Basics of Images
Convert to Array
Using Numpy (1)
import numpy as np
import matplotlib.pyplot as plt
imgArr = np.asarray('imagepath')
plt.imshow(pic_arr)
Using Numpy (2)
Sometimes, a Type error will be prompted using cv2.rectangle()
when the input array is the
usual numpy array. We should use the following instead.
import numpy as np
imgArr = np.ascontiguousarray('imagepath')
Using OpenCV
import cv2
imgArr = cv2.imread('imagepath')
cv2.imshow('image',img)
# Wait for something on keyboard to be pressed to close window.
# 0 refers to 0 miliseconds of waiting
cv2.waitKey(0)
From base64 string
import base64
import cv2
npArr = np.fromstring(base64.b64decode(encodedImage), np.uint8)

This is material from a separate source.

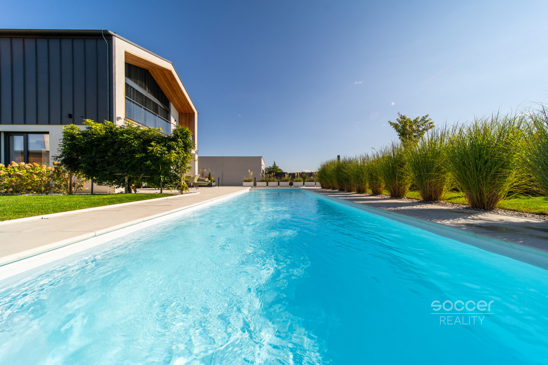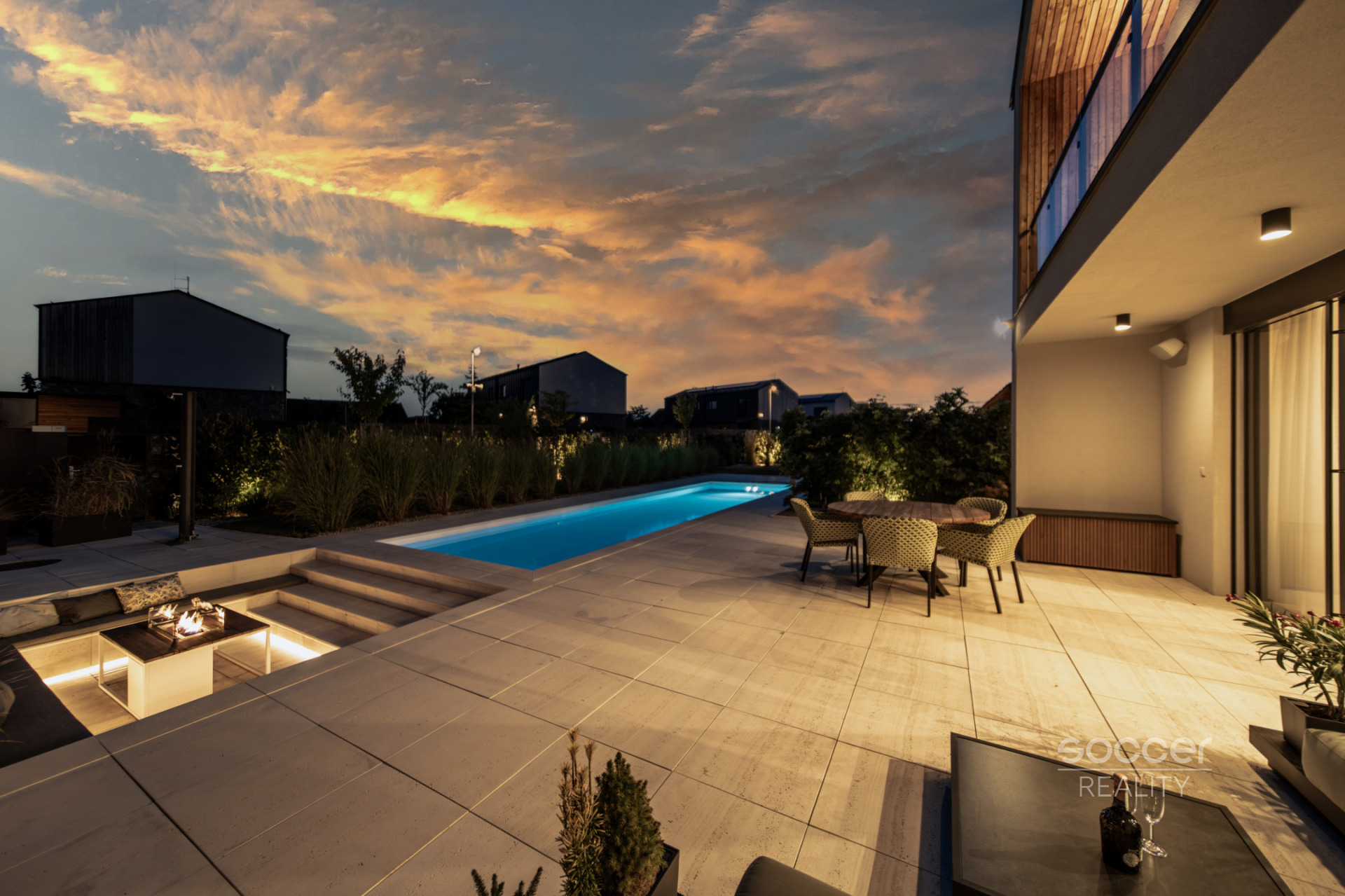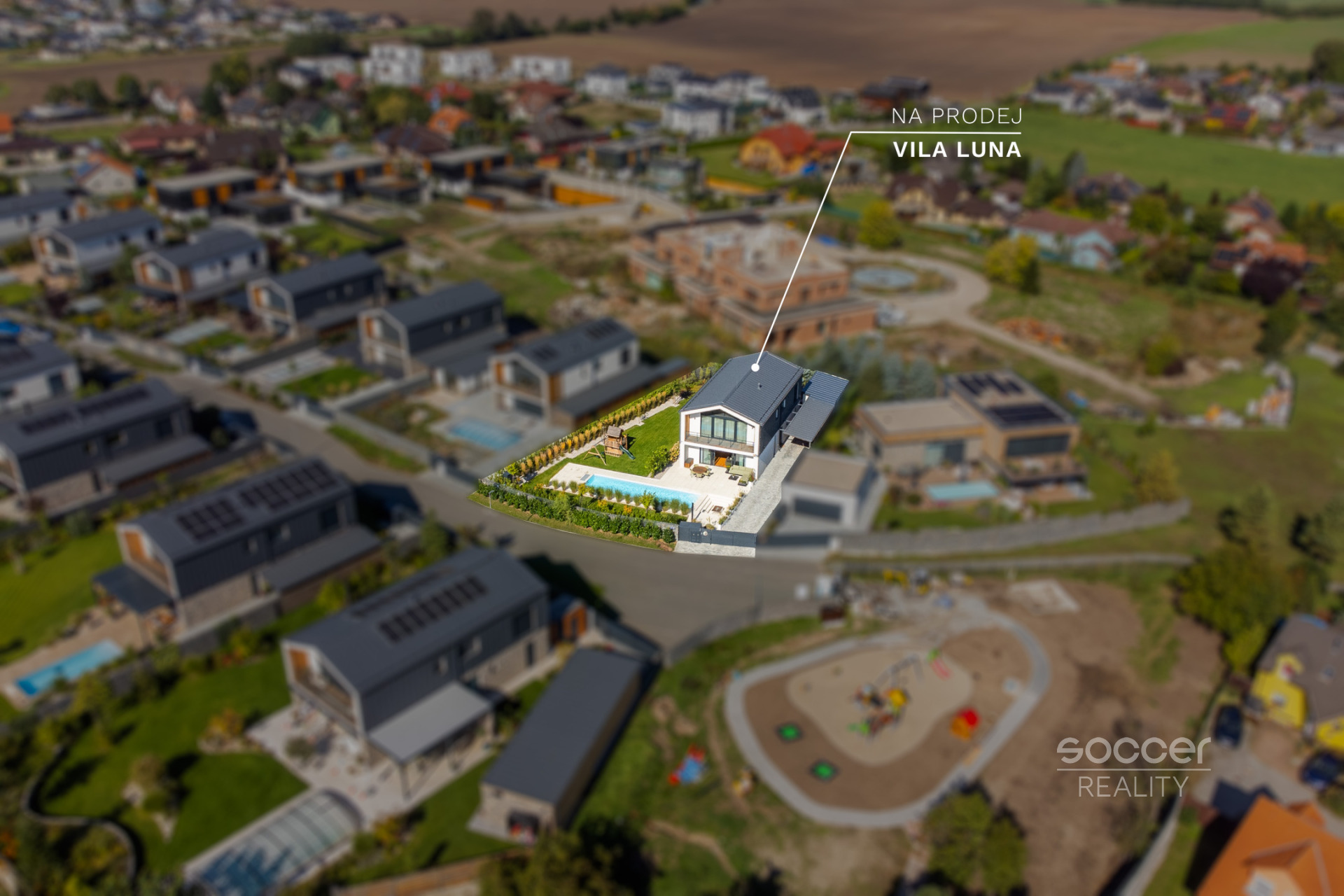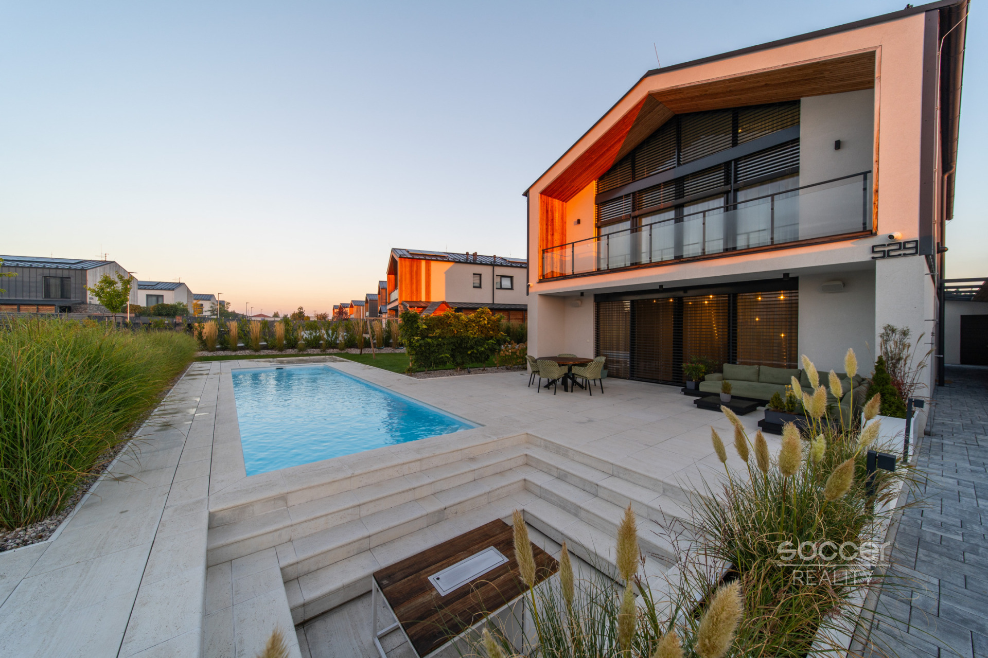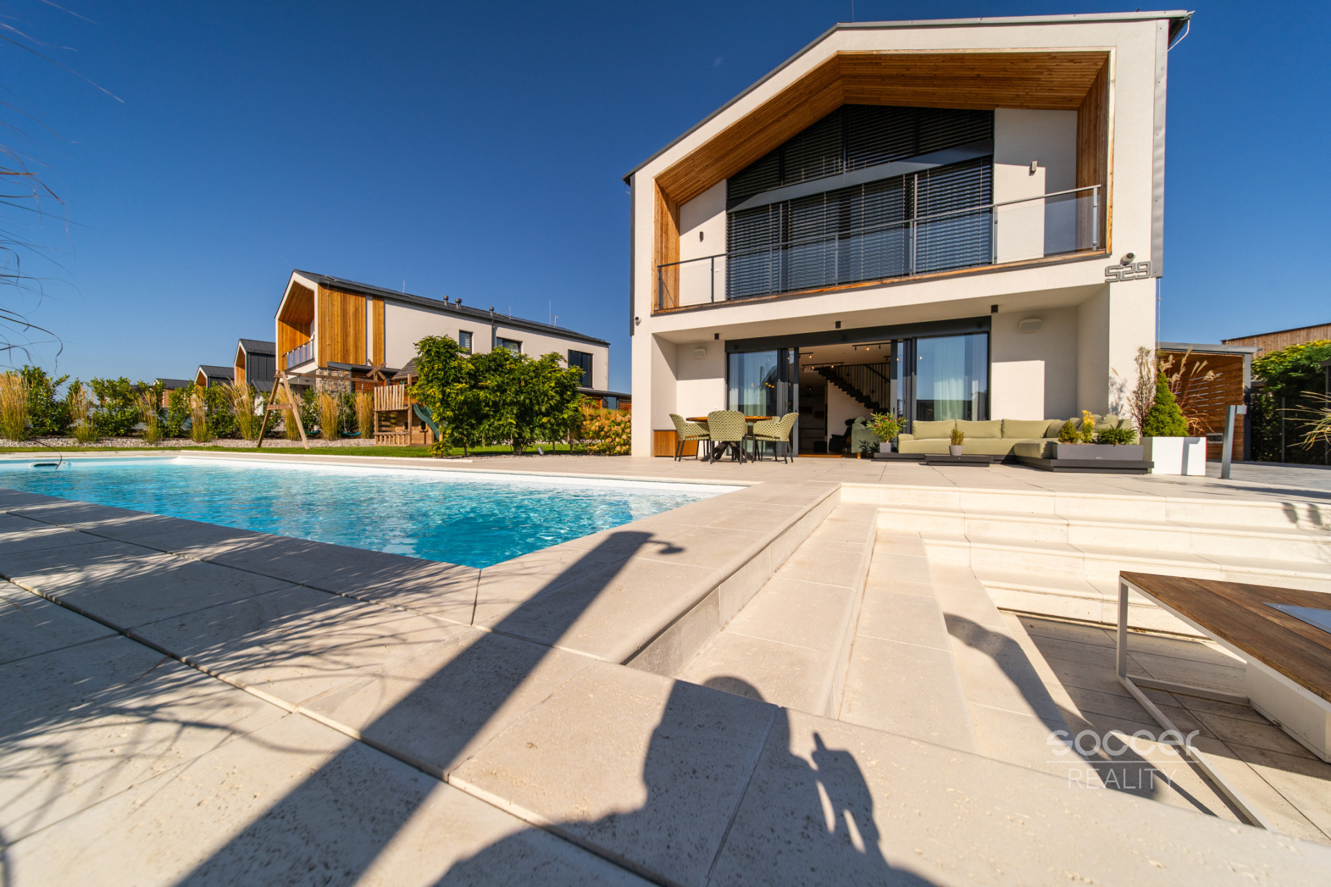 Tato moderní a energeticky úsporná stavba (energetická třída B) byla postavena z prvotřídních materiálů a nabízí velkorysou dispozici 6+kk. V přízemí je prostorná předsíň s vestavěnými skříněmi, koupelna s WC, technická místnost a pokoj. Dominantou domu je jižně orientovaný obytný prostor spojující obývací pokoj, jídelnu a kuchyň. Z obývací části je vstup na terasu s výhledem na 12m bazén se slanou vodou, obklopený bílou dlažbou, která prostoru dodává jedinečný charakter. Večery na terase zpříjemní osvětlená zahrada, moderní venkovní krb a špičkový audio systém Bowers & Wilkins.

imgArr = cv2.imdecode(npArr, cv2.IMREAD_ANYCOLOR)
Saving Images
cv2.imwrite('my_new_picture.jpg', imgArr)
Resizing Imagesw
Resizing by a specific scale
img = cv2.imread('imagepath', cv2.IMREAD_UNCHANGED)
scale = 0.6 # percent of original size
width = int(img.shape[1] * scale)
height = int(img.shape[0] * scale)
resized = cv2.resize(img, (width, height), interpolation = cv2.INTER_AREA)
Resizing by specific height
def img_scaling(frame, new_height=600):
'''
rescale image based on a fixed height, and width with same aspect ratio
Parameters
----------
frame (array): image array
Returns
-------
new_width (int): size of new width
new_height (int): size of new height
'''
width = frame.shape[1]
height = frame.shape[0]
if height > new_height:
scale = new_height/height
new_width = int(width * scale)
else:
new_width = width
new_height = height
return new_width, new_height
new_width, new_height = img_scaling(frame)
resized = cv2.resize(img, (new_width, new_height), interpolation = cv2.INTER_AREA)
Drawing on Images
One of the most important reason to draw on images is to draw bounding boxes representing the prediction output.
rectangles
# pt1 = top left
# pt2 = bottom right
cv2.rectangle(imgArr, pt1=(384,0), pt2=(510,128), \
color=(0,255,0), thickness=5)
Here's a typical example function from xiaochus's YOLO on how it is used.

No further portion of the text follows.